Sebelumnya, Ketua Badan Pengawas Pemilihan Umum (Bawaslu) RI Rahmat Bagja mengatakan pengeluaran laporan awal dana kampanye (LADK) Partai Solidaritas Indonesia (PSI) yang hanya Rp 180.000 harus dilakukan pengecekan.

"Ya itu harus dicek kenapa yang bersangkutan demikian," kata Bagja saat ditemui di Gedung Mahkamah Konstitusi (MK) RI, Jakarta, Rabu.

Menurut Bagja, terkadang partai politik menyerahkan laporan seadanya dan baru melakukan perbaikan belakangan. Hal itu, katanya, menjadi persoalan proforma di kalangan partai politik.

"Kadang-kadang orang untuk mematuhi proforma itu dimasukkan dulu, perbaikan-nya belakangan. Itu juga jadi persoalan," ujar Bagja.

Baca Juga:

Kaesang Serukan Kader PSI Menangkan Kakaknya Dalam Satu Putaran

Bagja mengatakan LADK partai politik, baik penerimaan maupun pengeluaran, harus terus diperbarui. Terlebih, nantinya akan ada Laporan Penerimaan dan Pengeluaran Dana Kampanye (LPPDK).

"Harus di-update terus, kan ada LPPDK nanti. Di situ akan dilihat update-nya," ucap Bagja.

Ketua Bawaslu mengatakan tidak logis jika nantinya pengeluaran dana kampanye partai politik masih di angka Rp 180 ribu, sementara kampanye dilakukan di banyak tempat.

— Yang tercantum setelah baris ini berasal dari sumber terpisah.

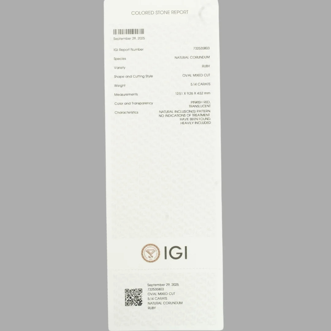 This beautiful Natural Ruby weighing 5.14 carats shines with a rich, glowing red hue—representing courage, vitality, passion, and royal energy. Cut in an elegant oval mixed cut, the gemstone displays excellent brilliance and symmetry, allowing light to dance across its facets while enhancing its natural depth and color. Its refined appearance and purity make it an excellent choice for both astrological benefits and fine jewellery.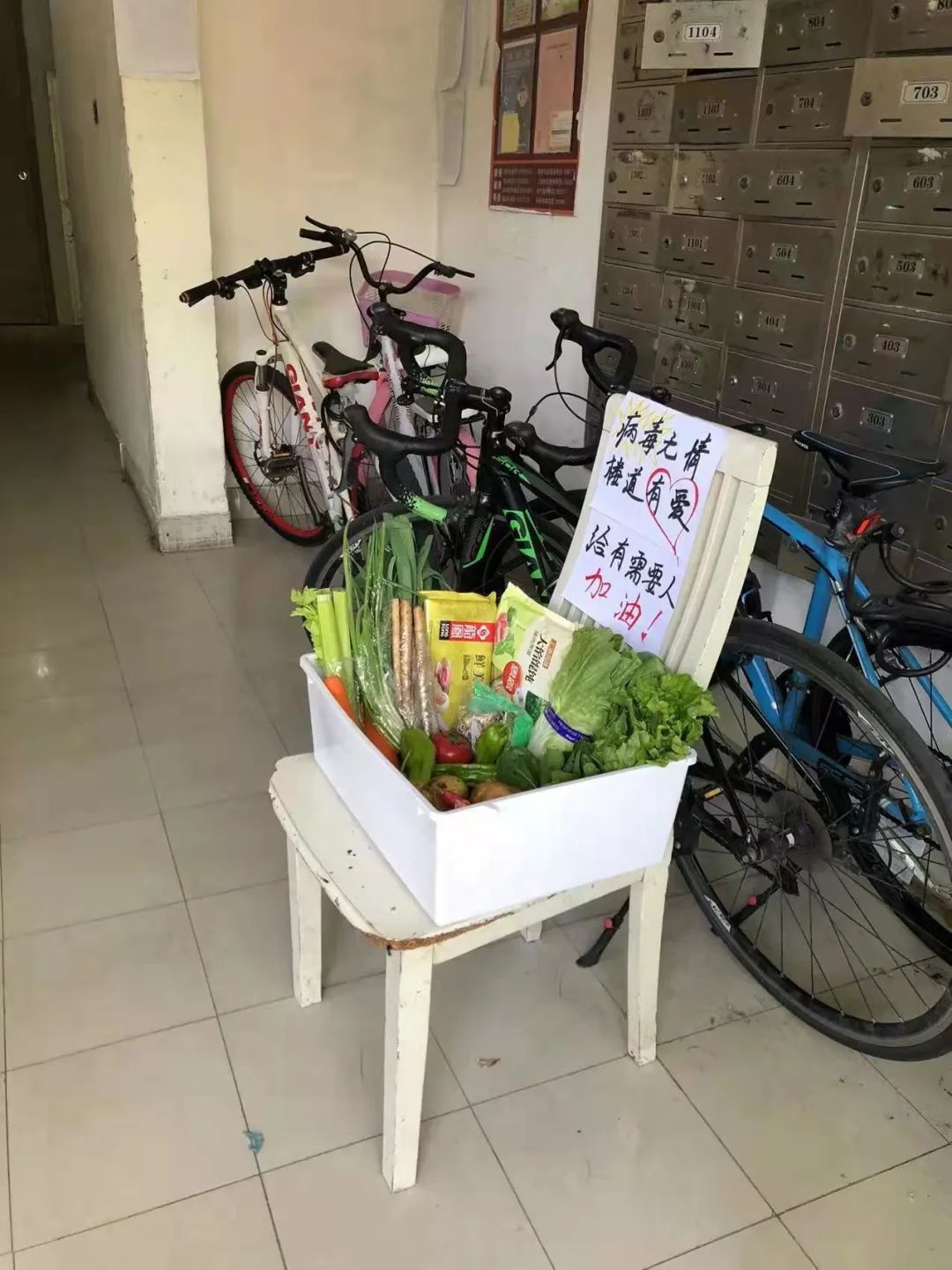 无独有偶,4月3日,泗泾镇新凯四村玉兰苑14号楼的居民惊喜地发现,楼栋志愿者主动提供自家的蔬果食材,放在一楼的大厅里,供有需要的居民自取。不少居民见状纷纷效仿,将富余物品贡献出来,邻里间的友爱互助真切传递出社区的温度。“谢谢志愿者的万金家‘蔬’!”新凯四村居民区党支部“第二书记”邢四威说道,“当前疫情形势严峻,但阴霾中依然有阳光,大家团结一心,战‘疫’终将胜利。”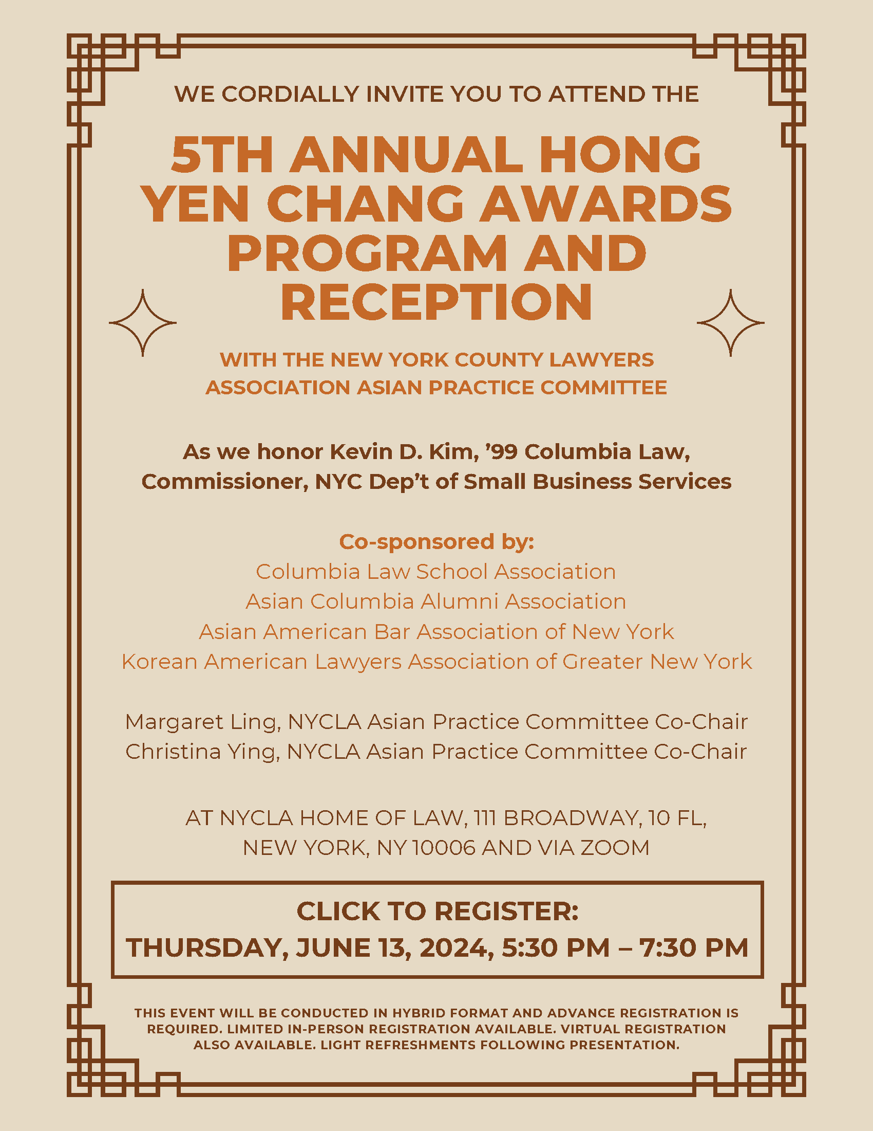 When: 06/13/2024 5:00 PM - 7:00PM Where: NYCLA, 111 Broadway, New York, NY 10006 AABANY is pleased to co-sponsor the 5th Annual Hong Yen Chang Award and congratulates this year's award recipient NYC SBA Commissioner, Kevin Kim, Columbia Law School Alum. To register please click on the flyer below. If you have any questions please email Margaret Ling at Mtling88@gmail.com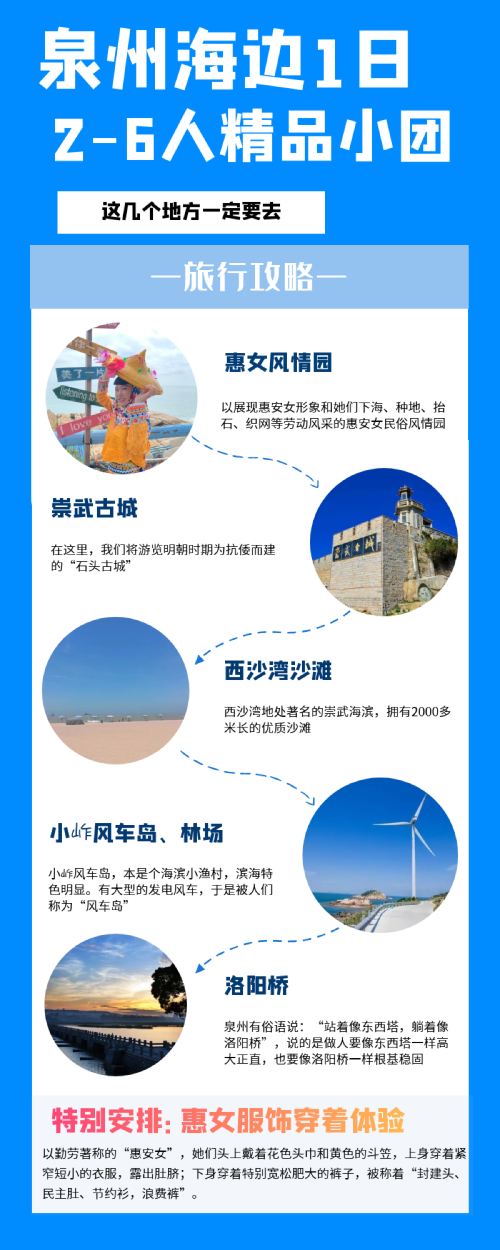 惠女风情园(赠服饰体验)+崇武古城+风车岛+洛阳桥纯玩一日游【2-6人精品拼团,深度了解沿海泉州,漫步沙滩,听听海风】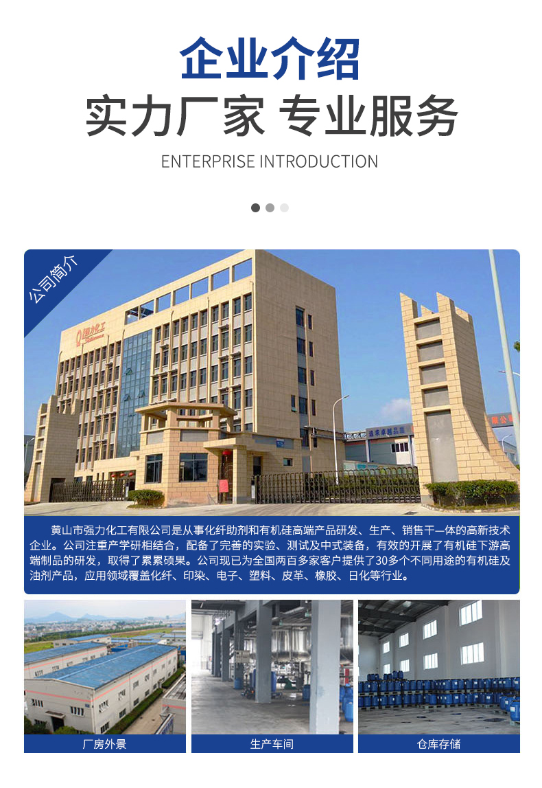 集研发,创新,生产,销售相结合,重点以生产研发有机硅新材料:以二甲基硅油、乙烯基硅油为主,以羟基硅油、有机硅乳液,氨基硅油,纺织助剂为辅的多元化化学工厂。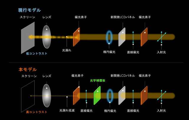 両機種ともに新開発の高輝度1インチLCDパネルを搭載。レーザーダイオードの駆動は独自の新制御アルゴリズムによって最適化しており、高輝度を長時間維持できる。VPL-FHZ120はそれに加えて光学補償板を組み合わせ、安定した明るさと鮮やかな色再現能力を備える。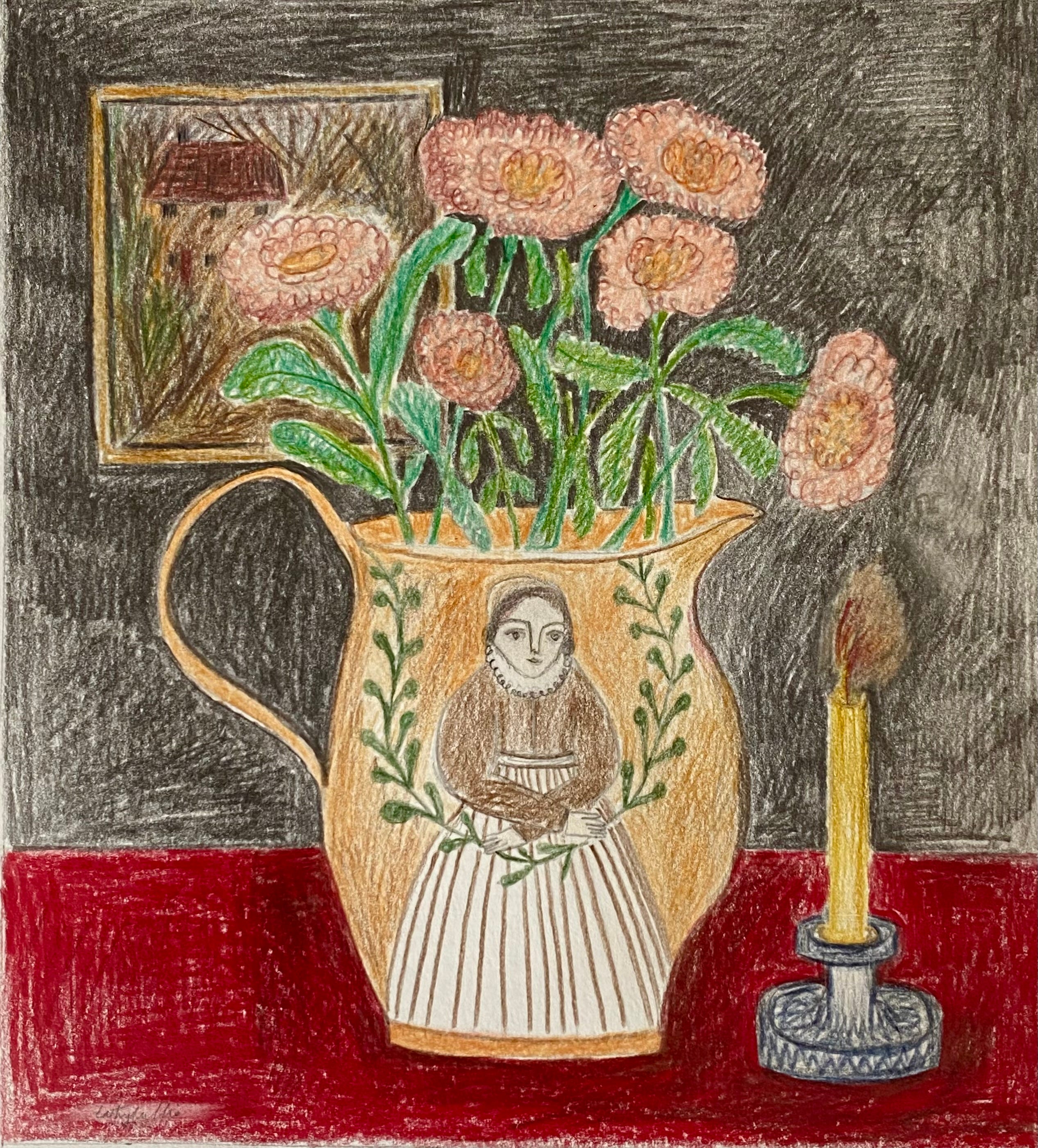 photo: a recent daily drawing - a smaller one. You may see how I am allowing myself to go with the flow of ideas - candlesticks are appearing in many of these drawings. I suppose I have a slight yearning for candlelight - but would never light a candle in this listed building! Must seek out an electric candle soon. For now I have candlesticks for drawing reference but use a rolled up piece of paper for the candle.

"Kan enggak rasional kalau masih tetap Rp 180 ribu. Loh ini ke mana? Mereka kampanye di mana-mana, kok enggak ada laporannya? Itu kan tidak logis dan tidak rasional," imbuh Bagja.

Komisi Pemilihan Umum (KPU) RI menyampaikan rincian total penerimaan dan pengeluaran dalam LADK semua partai politik nasional peserta Pemilu 2024, Selasa (9/1).

Berdasarkan LADK tersebut, PDI Perjuangan tercatat sebagai partai politik dengan total penerimaan dan pengeluaran paling tinggi, yakni masing-masing Rp 183.861.799.000 (Rp 183 miliar) dan Rp 115.046.105.000 (Rp 115 miliar).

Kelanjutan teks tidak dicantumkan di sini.